Even with their seemingly ostentatious plans to hit ever growing turnovers and reach ever growing customer numbers, I think business owners are more in danger of limiting themselves than of dreaming big.

It seems to me that it is more popular to take the shinier, more pompous route of quick growth rather than the arduous and boring yet more solid, purpose-driven way.

We like to throw in buzzwords such as “blockchain” to our business ideas to make them seem cleverer, or we frantically monitor our digital footprint to see how it is spreading. These are good things, but only when subject to a compelling mission.

Even for successful technology companies that achieved massive scale, they took time to properly develop their products before they begun to gain traction.

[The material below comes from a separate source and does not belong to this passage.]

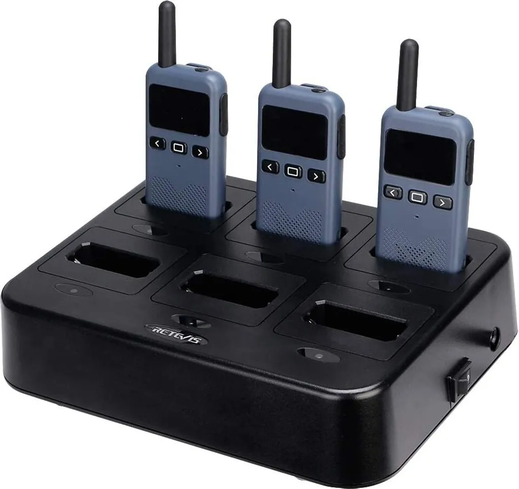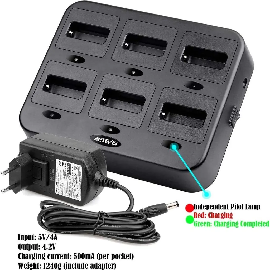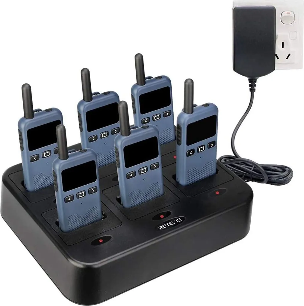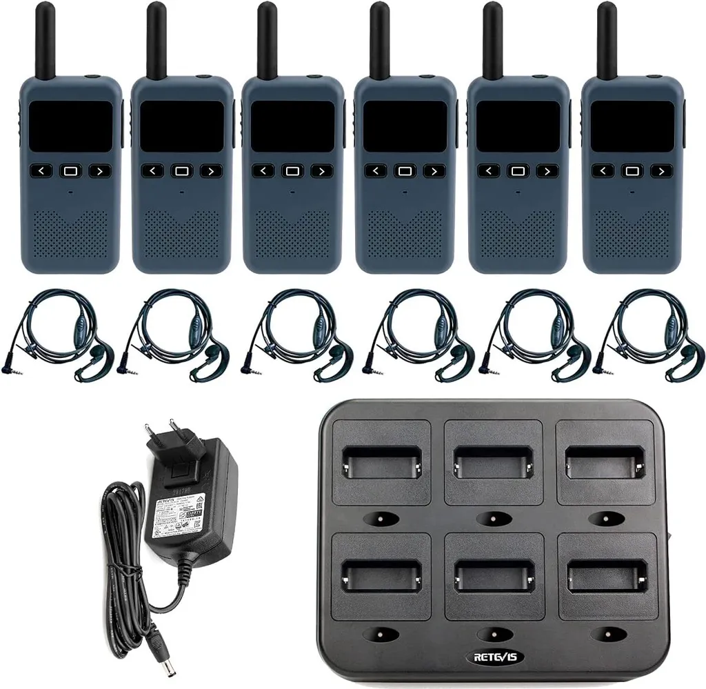 Retevis RB619 Funkgeräte Mit Headset, Walkie Talkie Mit 6-Wege-Ladegerät, Ferngespräch, 1650mAh, VOX, PMR446 Lizenzfrei Für Schule, Hotels, Museum (6 Stück, Marineblau)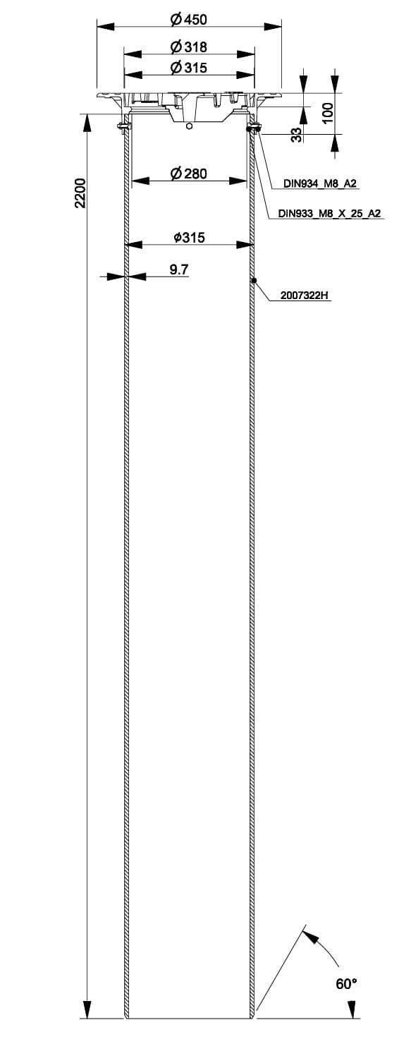 315 Teleskooppisetti 220 cm Normaali lukittuva runko ja sadevesikansi.

Running a business is a dance full of paradoxes: moving fast and moving slow; doing unscalable things while hacking the formula to scale; creating a market product and then tearing it apart to figure what elements make up its core; and so on.

Running a business is about balance and timing. Putting out a product prematurely, or taking on growth before the firm has the structures to absorb it is a fatal mistake.

As obvious as this seems, the most successful businesses are those that solve a market problem. Although this truism has been belaboured, perhaps the saying has not properly sunk in yet.

Market problems do not have to be unusually novel and out of this world; in fact, the simplest solutions are often the best ones.

Find out what makes your target clients tick before you ramp up your sales efforts. To do anything else would be to work in reverse. Slow and steady wins the race. Take your time to build a service proposition that customers will find irresistible.